Any discussion that starts with a question about a specific platform for NGAD is eschewed. The aircraft is just the “truck.” The future is in the technology that connects a disparate set of platforms, including some, such as the F-22, that were designed specifically to not connect with other platforms.

“We don’t want to have a conversation about widgets,” said Fantini. “We want to have a conversation about the highway that brings the proverbial truck into the fight.”
Source : AWST Sept 6, 2019

I am seeing a narrative that the USAF has been using lately in advancing their thoughts on where the program is heading. The language emphasis is about building a highway and not the truck.
 

Air Force Brat

Brigadier
Super Moderator
Sounds like a path to the FCS in the air. sigh.

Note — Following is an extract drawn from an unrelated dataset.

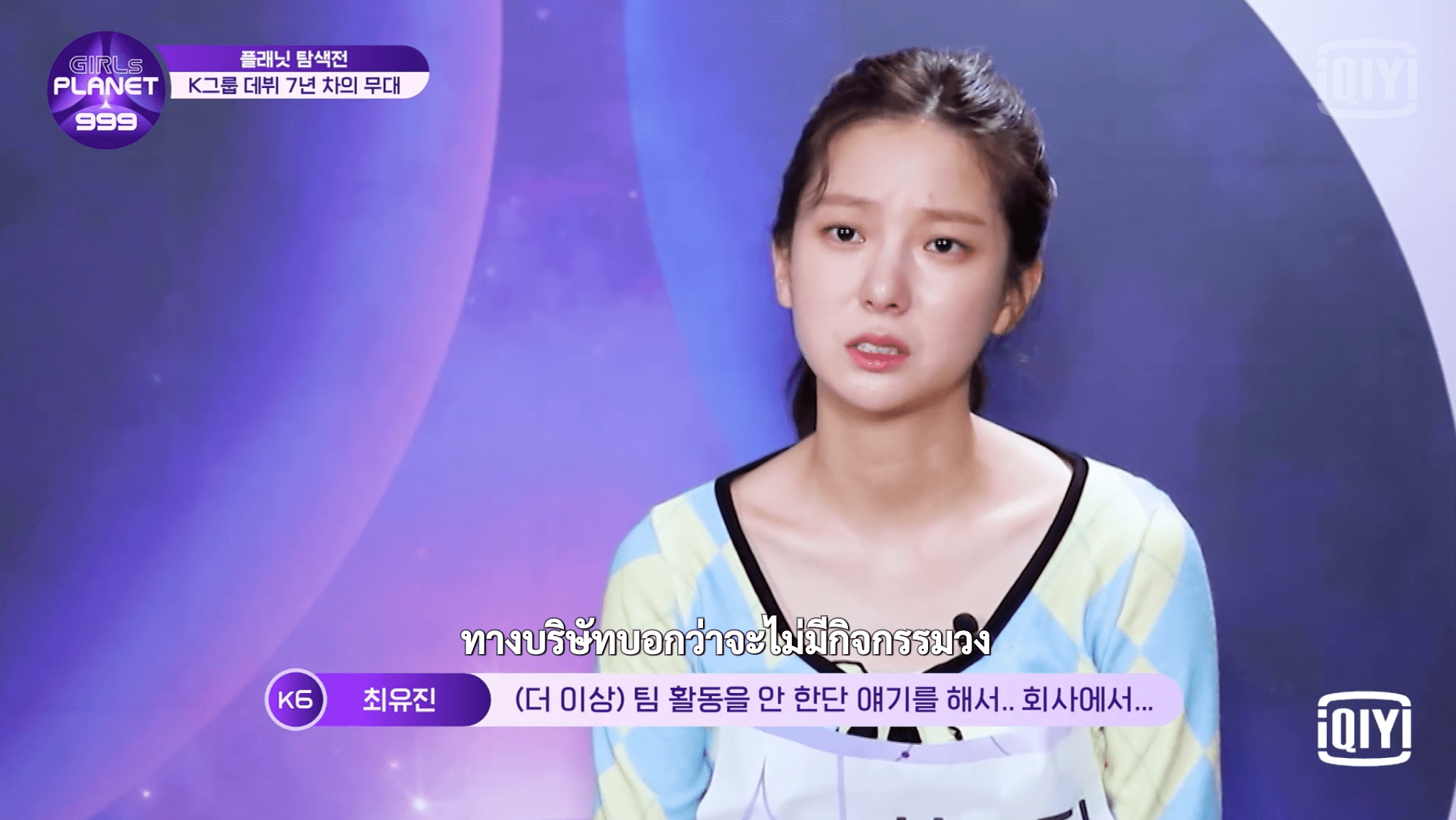 “ทางบริษัทบอกว่าจะไม่มีกิจกรรมของวง ฉันทุ่มเททั้งหมดให้กับวง CLC จริง ๆ ด้วยคอนเซปต์ของเราคือสาวแกร่ง ฉันเลยรู้สึกเหมือนไม่มีตัวตนบนเวทีค่ะ ฉันยังอยากเป็นนักร้องต่อไป เพราะแบบนั้นฉันจึงอยากใช้รายการ Girls Planet 999 แสดงเสน่ห์ของฉัน และด้านอื่นๆให้เห็นค่ะ แล้วฉันก็รู้ว่าฉันแสดงให้เห็นได้ค่ะ”

Yep,its a line of krapola, like the line that guns were no longer necessary on fighter aircraft, its a bunch of bull. You've got to have a suitable platform to maintain air superiority, or else you will have to "prove that you have capability, that you may not have..

All the bells and whistles are nice, but you damn well better have a "hammer" in your tool box! its the "chickification" of the Air Force, they are more worried about the negative impact of nose art from the past, than the op-for!
 
Yep,its a line of krapola, like the line that guns were no longer necessary on fighter aircraft, its a bunch of bull. You've got to have a suitable platform to maintain air superiority, or else you will have to "prove that you have capability, that you may not have..

All the bells and whistles are nice, but you damn well better have a "hammer" in your tool box! its the "chickification" of the Air Force, they are more worried about the negative impact of nose art from the past, than the op-for!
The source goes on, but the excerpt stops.